Computers and Typesetting
- Author: Donald E. Knuth
- Language: English
- Publication place: United States
- ISBN: 978-0201734164

= Computers and Typesetting =

1986 book series on digital typography by American computer scientist Donald Knuth

Computers and Typesetting is a 5-volume set of books by Donald Knuth published in 1986 describing the TeX and Metafont systems for digital typography. Knuth's computers and typesetting project was the result of his frustration with the lack of decent software for the typesetting of mathematical and technical documents. The results of this project include TeX for typesetting, Metafont for font construction and the Computer Modern typefaces that are the default fonts used by TeX. In the series of five books Knuth not only describes the TeX and Metafont languages (volumes A and C), he also describes and documents the source code (in the WEB programming language) of the TeX and Metafont interpreters (volumes B and D), and the source code for the Computer Modern fonts used by TeX (volume E). The book set stands as a tour de force demonstration of literate programming.

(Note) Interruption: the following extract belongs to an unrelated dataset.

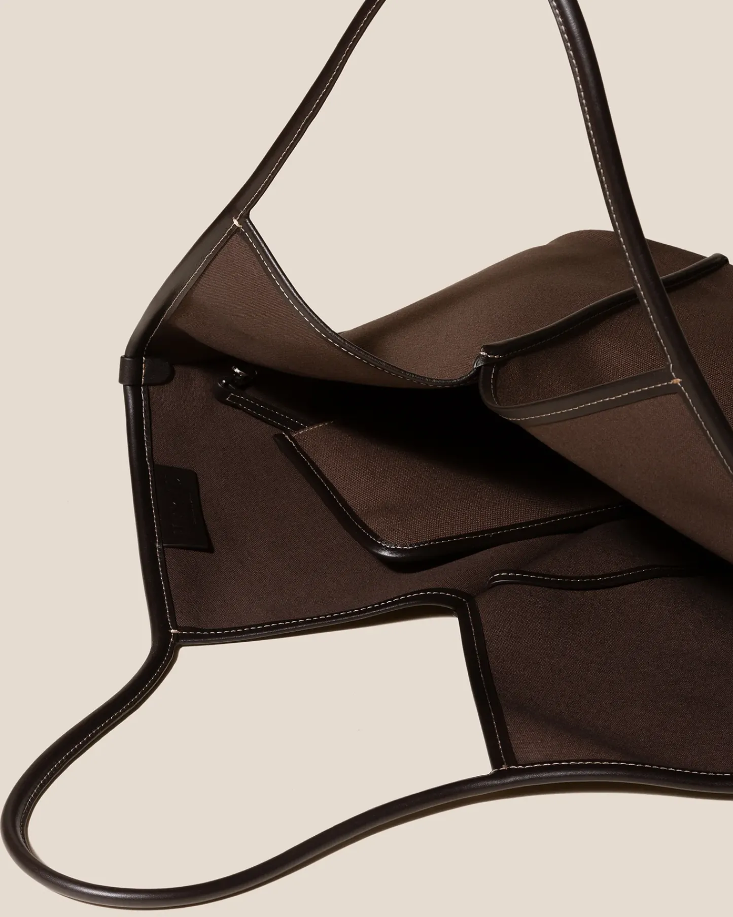 Organic cotton tote bag edged with smooth leather. It has a zipped pouch to secure small essentials and slim top handles that sit over the shoulder.

The books themselves were typeset in the Computer Modern Roman typeface using TeX; thus, in Knuth's words, they "belong to the class of sets of books that describe precisely their own appearance".

==Volumes==
The five volumes are published by Addison-Wesley.
1. Volume A: The TeXbook. Describes the TeX typesetting language. It is by far the most common and available of the set, as the TeX interpreter is widely used for typesetting. It is available in softcover ISBN 0-201-13448-9 (blue spiral-bound with a built-in flap for a bookmark) and hardcover ISBN 0-201-13447-0.
2. Volume B: TeX: The program. A documented listing of the source code of the TeX interpreter. The 1986 edition in hardcover is ISBN 0-201-13437-3.
3. Volume C: The METAFONTbook. Describes the METAFONT font description language. Hardcover ISBN 0-201-13445-4, softcover ISBN 0-201-13444-6.
4. Volume D: Metafont: The program. A documented listing of the source code of the Metafont interpreter. Hardcover ISBN 0-201-13438-1, paperback ISBN 0-201-60658-5.
5. Volume E: Computer Modern Typefaces. A character-by-character listing (in the Metafont language) of the source code for the Computer Modern typefaces (cmr, cmbx, cmti, etc.) used by TeX. Hardcover ISBN 0-201-13446-2, softcover ISBN 0-201-60660-7.
The set is also available as a hardcover boxed set with the latest editions as of the year 2000, ISBN 0-201-73416-8.

A jubilee edition of the Volumes A to D was published by Addison-Wesley in February 2021, incorporating all the changes made during the TeX tune-up of 2021. (Volume E remained unchanged from the 2017 edition.)